Monday, December 13, 2010

The Magic of Christmas

Last week I had 2 interesting conversations about Christmas.
First up I had 12 year old John in tears, having just found out that Santa wasn't a real person. My heart went out to this young chap in his sparkly Santa hat as he told me how sure he was that a reindeer had walked down his passage last year. He told me that the magic had gone out of Christmas for him since he had discovered that his Mum and Dad bought his gifts and was never going to get over the disappointment. He recalled counting the days to Christmas for as long as he could remember, always leaving a carrot for the reindeers & mince pie for Santa on Christmas Eve.
I told him how I insist on playing Santa in our house, even though my children are adults, and I described the hilarity that ensues each year as I try to sneak the presnts under the tree before anybody wakes up. Eventually he started to reframe the magic of Christmas, deciding that he could still 'pretend' to believe in Santa just for the fun of it.

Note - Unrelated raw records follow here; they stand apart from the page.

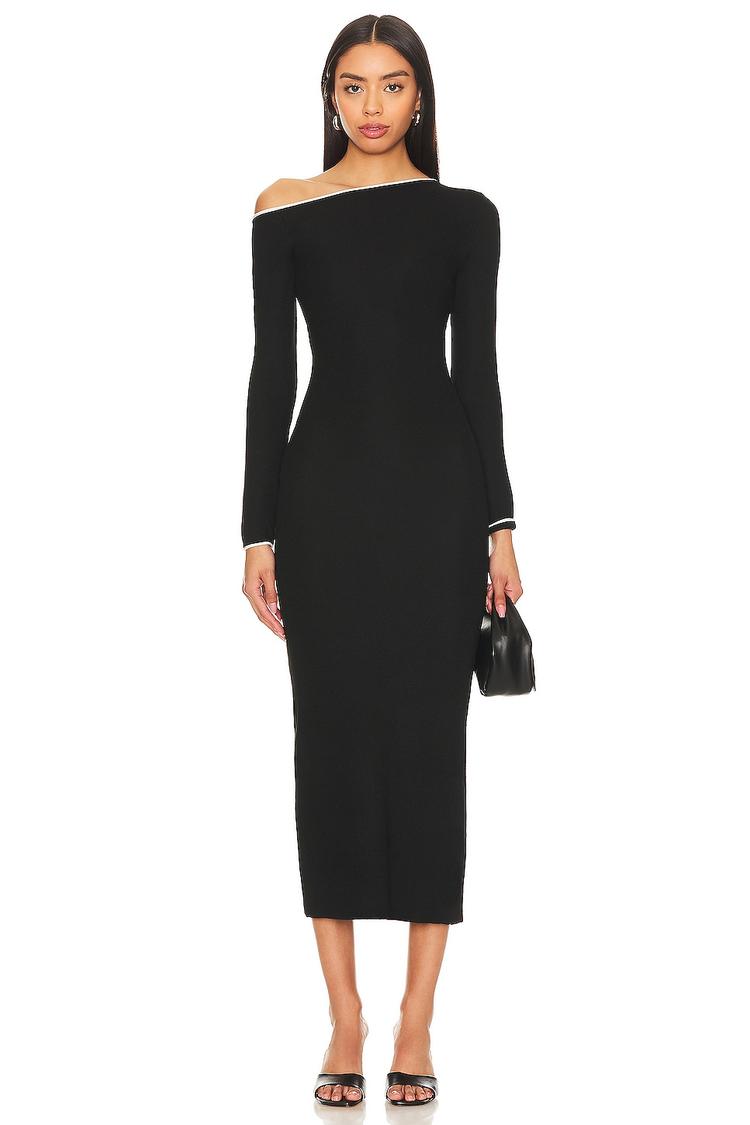 Sleek and refined, this black knit jersey sheath dress features a flattering off-shoulder neckline and long sleeves with contrasting white ribbon trim at the cuffs. Its fitted silhouette and midi length create an elegant, minimalist look perfect for cocktail parties, date nights, or evening events. Crafted from a soft polyester blend with antibacterial fiber, the dress offers comfortable pull-on styling. Clean lines and subtle design details make this piece a sophisticated choice for autumn and winter wardrobes, combining timeless style with modern comfort.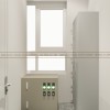 Để ngăn cách khu vực giường nằm siêu âm và bàn ghế ngồi chờ thì PenViet có sử dụng rèm che. Tấm rèm kéo nhẹ nhàng mang đến sự riêng tư cho phụ sản khi thăm khám. Phía sau bộ bàn ghế ngồi được bố trí tủ trưng bày với các món đồ nhỏ xinh, bắt mắt. Khu vực này dành cho người nhà hay các bà bầu chờ tới lượt thăm khám tạo sự thoải mái tối đa.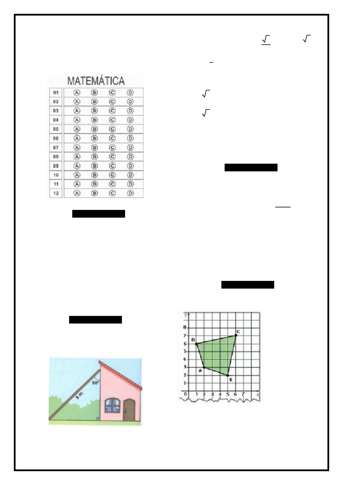 SIMULADO 6 Colégio: ______________________- 3ª Série E.M Sabendo que: ( sen(60º ) = 3 tg(60º ) = 3 2 , Professor: _____________________ Nome: ____________________________ cos(60º ) = 1 2 ). A altura da parede que o pedreiro D4 ––––––––– QUESTÃO 01 –––––––––– Ao passar sua mão direita por todos os vértices e arestas de um octaedro, somente uma vez, um deficiente visual percebe que passou por 6 vértices e 12 arestas. Pela relação de Euler, F + V = A + 2, o número de faces desse poliedro é, então, igual a: (A) 20. (B) 12. (C) 8. (D) 6. (E) 4. D5 ––––––––– QUESTÃO 02 –––––––––––– Para consertar um telhado, o pedreiro Pedro colocou uma escada de 8 metros de comprimento numa parede, formando com ela um ângulo de 60º. apoiou a escada é: (A) 5 m. (B) 4 3 m (C) 8 m. (D) 8 3 m (E) 4 m D33 ––––––––– QUESTÃO 03 ––––––––––– Uma urna contém 10 bolas identificadas pelas letras, A, B, ..., J. Uma bola é extraída ao acaso da urna, e sua letra é observada. A probabilidade de a letra ser uma vogal é: (A) 10% (B) 5% (C) 30 % (D) 50% (E) 40% D6 ––––––––– QUESTÃO 04 –––––––––––– Quatro cidades de grande expressão no setor industrial estão situadas nos pontos do quadrilátero abaixo. As coordenadas que representam as cidades A, B, C e D, respectivamente, são: (A) (1, 6), (6, 7), (5, 2), (4, 3) (B) (6, 1), (7, 6), (2, 5), (3, 4) (C) (6, 7), (1, 6), (2, 5), (3, 4) (D) (4, 3), (5, 2), (6, 7), (1, 6), (E) (–6, 1), (–7, 6), (–2, –5), (3, 4) 1 SIMULADO 6 D14 ––––––––– QUESTÃO 05 ––––––––––– Um professor de matemática representou geometricamente os números reais 0, x, y e 1 numa reta numérica. A posição do número x·y é: (A) à esquerda de 0. (B) entre 0 e x. (C) entre x e y. (D) entre y e 1. (E) à direita de 1. D15 ––––––––– QUESTÃO 06 ––––––––––– Marcio contratou 5 operários para construir sua casa. Esses operários, trabalhando 8 horas por dia, levarão 150 dias para terminar a construção. conhecem o boato, tem-se: R(x) = k ⋅ x(P − x) , em que k é uma constante positiva característica do boato. O gráfico cartesiano que melhor representa a função R(x), para x real, é: Resposta E D22 ––––––––– QUESTÃO 08 ––––––––––– Num programa de condicionamento físico, um atleta corre sempre 200m a mais do que correu no dia anterior. O termo que ocupa a posição n em uma progressão aritmética (PA) de razão r é Mantendo o mesmo ritmo de trabalho, 8 operários, trabalhando 10 horas por dia, terminam a mesma obra em: (A) 75 dias. (B) 300 dias. (C) 192 dias. (D) 100 dias. (E) 125 dias. dado pela fórmula an = a1 + (n − 1) ⋅ r . D21 ––––––––– QUESTÃO 07 ––––––––––– Um boato tem um público alvo e alastra-se com determinada rapidez. Em geral, essa rapidez é diretamente proporcional ao número de pessoas desse público que conhecem o boato e diretamente proporcional também ao número de pessoas que não o conhecem. Em outras palavras, sendo R a rapidez de propagação, P o público alvo e x o número de pessoas que Sabe-se que no 1º dia ele correu 500 metros. Em 10 dias correrá: (A) 10.180 metros. (B) 4.700 metros. (C) 2.700 metros. (D) 5.000 metros. (E) 2.300 metros. D23 ––––––––– QUESTÃO 09 ––––––––––– Marcos Aurélio pegou um táxi comum, que cobra R$ 3,20 pela bandeira e R$ 1,20 por quilometro rodado, para ir à casa de sua namorada, que fica a 18 km de distância. A função que representa 2 SIMULADO 6 esta situação é V (x) = 3,20 + 1,20D , onde V é o valor pago e D a distância percorrida. O melhor gráfico que representa está situação é: D25 ––––––––– QUESTÃO 11 ––––––––––– Uma bola colocada no chão é chutada para o alto, percorre uma trajetória descrita por y = −2x 2 + 12x , onde y é a altura e x é o alcance, em metros, está representada no gráfico abaixo. D24 ––––––––– QUESTÃO 10 ––––––––––– Os mecânicos de um carro de fórmula 1 durante um abastecimento perceberam que o tanque tinha 8 litros de gasolina. A bomba injetava 3 litros por segundo. O gráfico abaixo representa esta situação. Nessas condições, a altura máxima atingida pela bala é (A) 48 metros. (B) 144 metros. (C) 18 metros. (D) 72 metros. (E) 36 metros. D34 ––––––––– QUESTÃO 12 ––––––––––– No gráfico abaixo, mostra-se como variou o valor do dólar, em relação ao real, entre o final de 2001 e o inicio de 2005. Por exemplo, em janeiro de 2002, um dólar valia cerca de R$ 2,40. A expressão algébrica que representa a função esboçada é: (A) V (t) = 3 ⋅ t + 8 (B) V (t) = 8 ⋅ t + 3 (C) V (t) = 6 ⋅ t + 26 (D) V (t) = 8 ⋅ t + 26 (E) V (t) = 2 ⋅ t + 6 Banco central Durante esse período, a época em que o real esteve mais desvalorizado em relação ao dólar foi no: (A) final de 2001; (B) final de 2002; (C) início de 2003; (D) final de 2004; 3 SIMULADO 6 (E) início de 2005. 4 Obrigado por avaliar o Wondershare PDF Editor. Você pode converter apenas 5 páginas com a versão de teste. Para converter todas as páginas, você precisa adquirir o software em: http://cbs.wondershare.com/go.php?pid=1140&m=db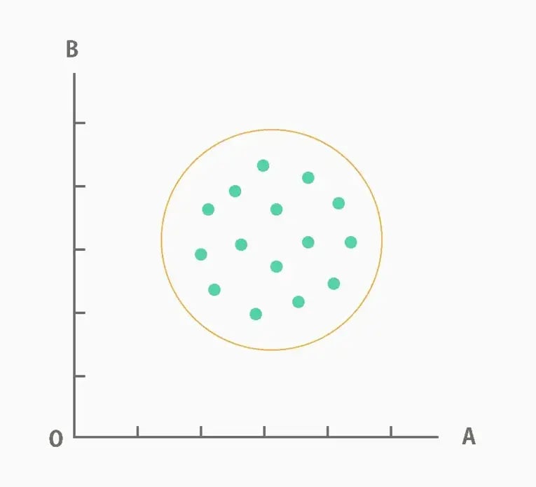 相関がないケースは、2つの値の増減に規則性がなく、打点がグラフ上にランダムに点在している状態です。この場合、一方の項目の数値が増加しても、もう一方の数値が増えたり減ったりすることはありません。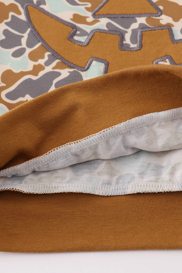 Details: soft knit/french-terry feel; crew neck; long sleeves; ribbed collar, cuffs, and hem in caramel; allover camo; jack-o’-lantern appliqué with contrast stitching; unlined.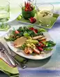 Fold asparagus, up to 8 tips, mushrooms and mandarins into the sauce. Allow to soak a little. In the meantime clean, wash and drain the salad. Roll up the remaining slices of smoked pork loin into small bags and put them into 1 asparagus tip each.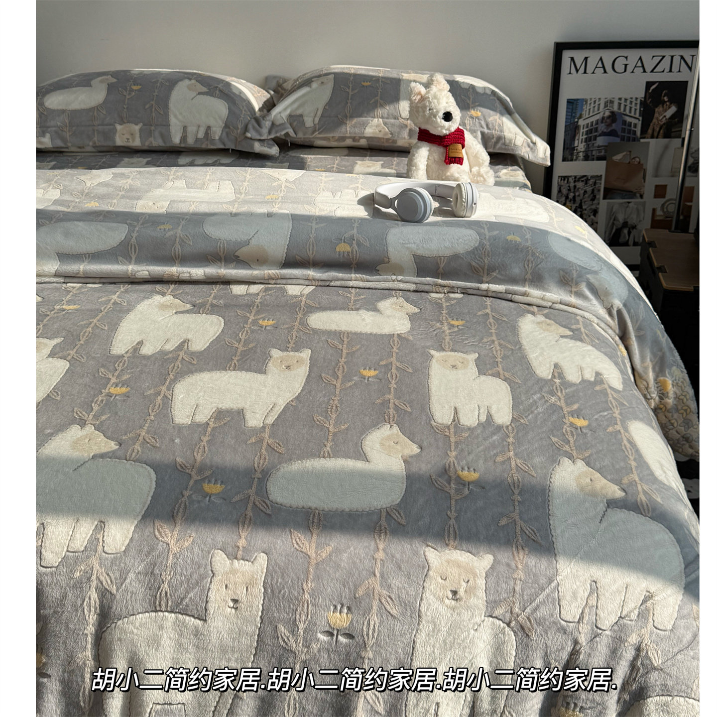 卡通可爱萌驼驼韩国绒四件套秋冬季加厚保暖加绒床单被套床上用品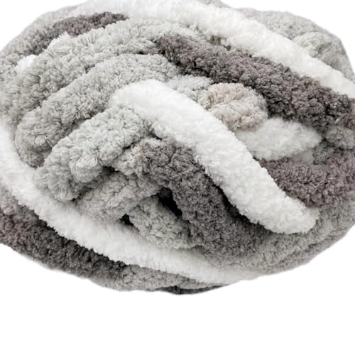 Chunky Chenille Yarn, Multi Grey & White, 8 Pack, Super Soft Thick Fluffy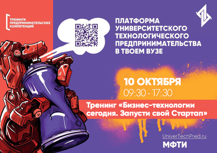 «Тренинги предпринимательских компетенций» проходят в рамках федерального проекта «Платформа университетского технологического предпринимательства», созданного для раскрытия предпринимательского потенциала и подготовки профессионалов в области технологического предпринимательства.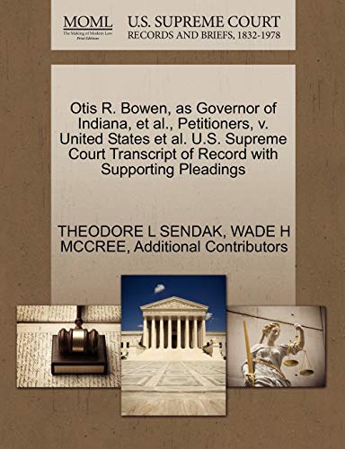 Otis R. Bowen, as Governor of Indiana, et al., Petitioners, v. United States et al. U.S. Supreme Court Transcript of Record with Supporting Pleadings full version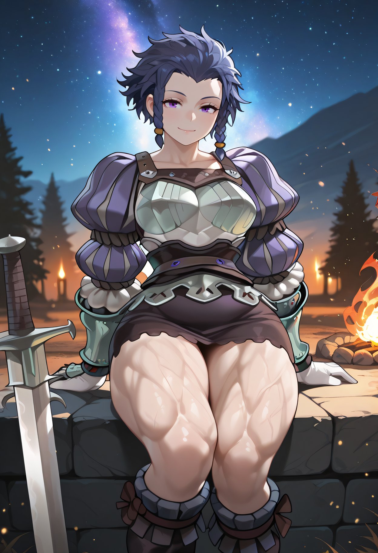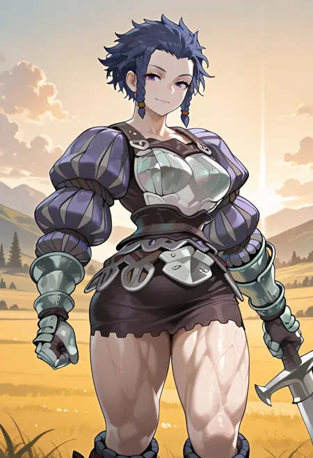berenice (unicorn overlord), 青髪, 短髪, 片方の編み込み, 紫色の目, 筋肉質な女性、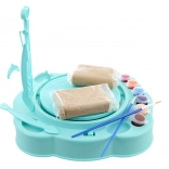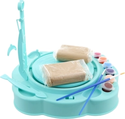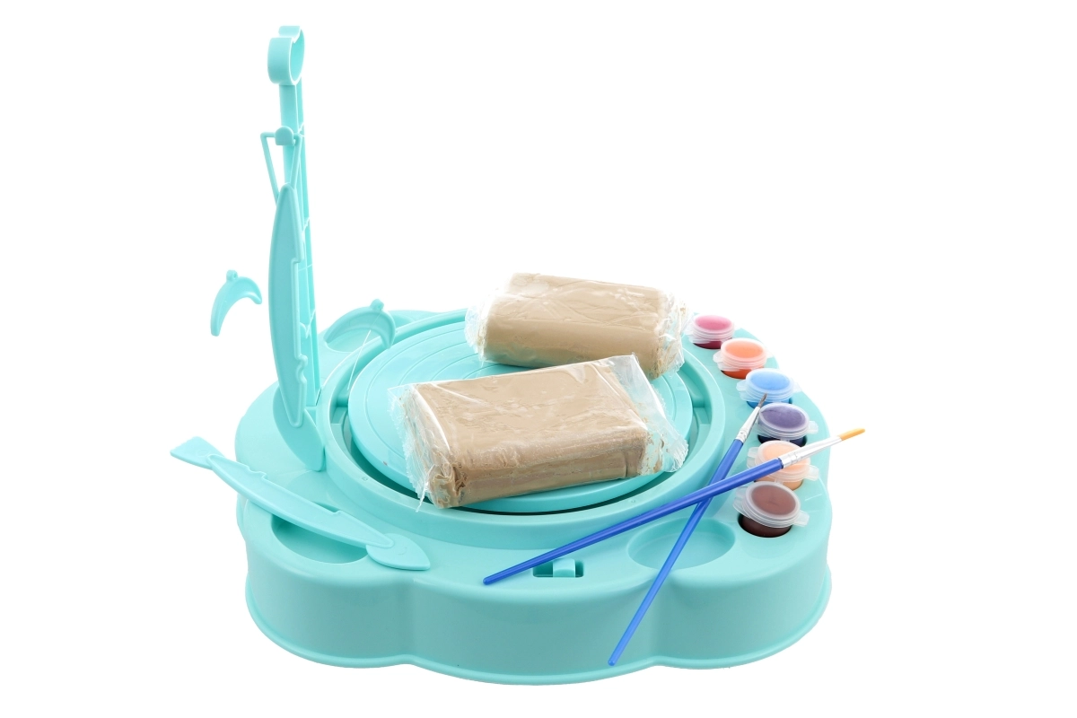 Diese Töpferscheibe für Kinder bietet großen Spaß und fördert Feinmotorik sowie Kreativität. Dank Batteriebetrieb ist sie überall leicht zu verwenden – einfach Ton einlegen, die Scheibe drehen lassen und eigene Schälchen, Väschen oder Dekorationen formen. Das türkise Design begeistert kleine Künstler und motiviert zum Gestalten.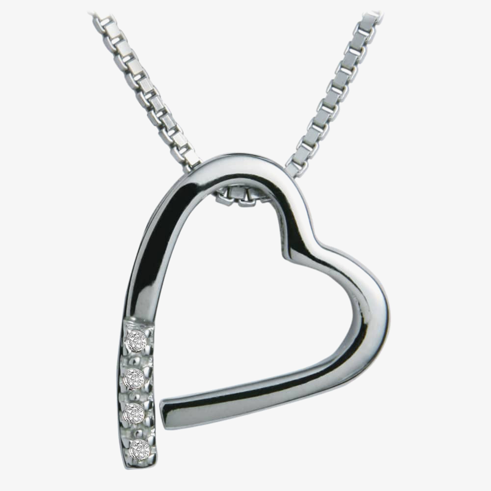 Whether you're celebrating old memories or you're busy building new ones, make this a fine addition to her jewellery box. The stunning silver heart is festooned with brilliant diamonds and set onto a box chain for extra glitter.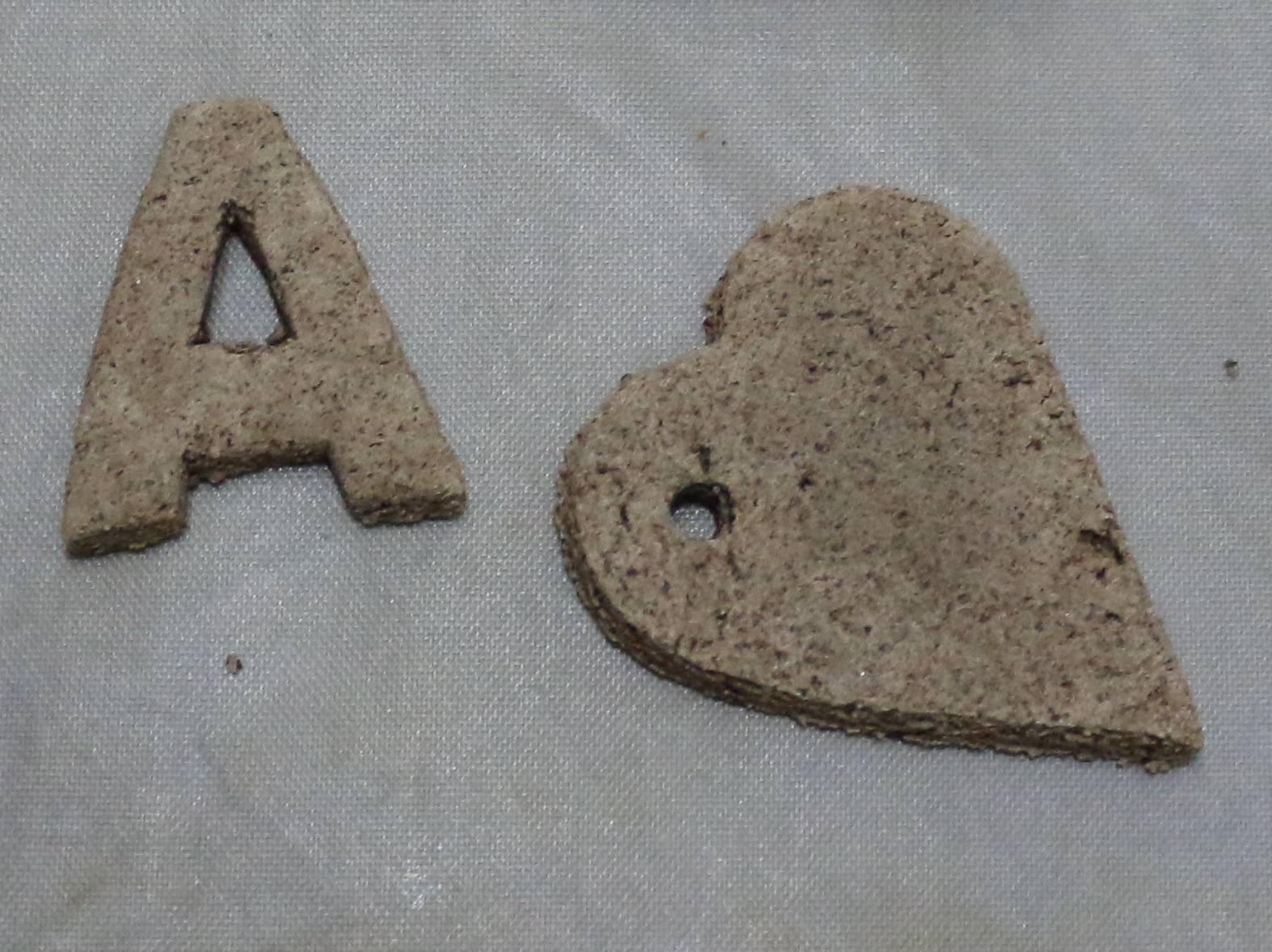 I made holes in the hearts and the cat (so that I could use them as tags) using a disposable drinking straw (cunning plan as it cuts them and collects them!), and cut the centres out of the A’s: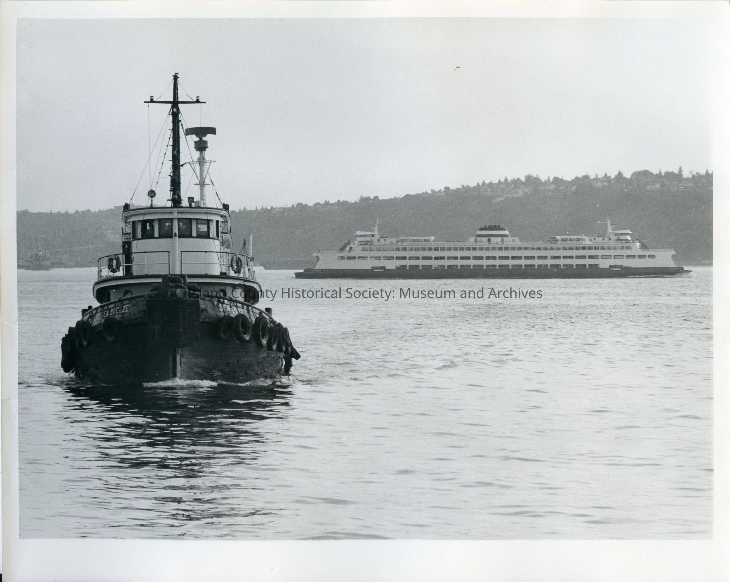 Photograph of the "Sea Breeze" with a large vehicle and passenger ferry behind it.

The second conversation was with 13 year old Michael. I loved the way he solemnly informed me that since he came from a family of atheists, he shouldn't have to wait for Christmas Day to get his new i-Pod. He was making a good case about double standards and such things until his mum suggested that as a family of atheists they should scrap Christmas totally and refrain from any gifts or festivities. Not to be outdone, he was quick to suggest that they could celebrate 'Atheistmas' and that they could do so immediately. Although he didn't realise it, he was caught up in the magic of Christmas as well, anticipating the yummy family feast and Christmas concerts, among other Christmas treats.
Different boys with different stories, but both anticipating displays of warmth, love and generosity from their families. Love it or hate it, Christmas is here to stay. Cynics will attribute its popularity to marketing and commercialism. The optimist in me thinks otherwise. As a migrant to Australia I have missed out on 20 family Christmas celebrations. Like many people, I have found some Christmases to be challenging. However, I have discovered that if you reach out, there is always someone who will make challenging times easier. And so we started the Toner tradition of 'Orphan Christmas', where we share our special day with others who are without family. Consequently, have have had Christmas lunches blessed with Jewish, Muslim, Mormon and Buddhist prayers, and we have strayed from traditional turkey and ham to include halal and vegetarian options. With our fellow 'orphans', we have experienced the Magic of Christmas in so many ways.
My wish for everyone is that you all allow yourselves to experience the magic of Christmas, even in some small way. I am very mindful of the fact that this can be a challenging time for many. If that is the case for you, I hope that you are able to reach out and ask for support. Don't be alone at Christmas.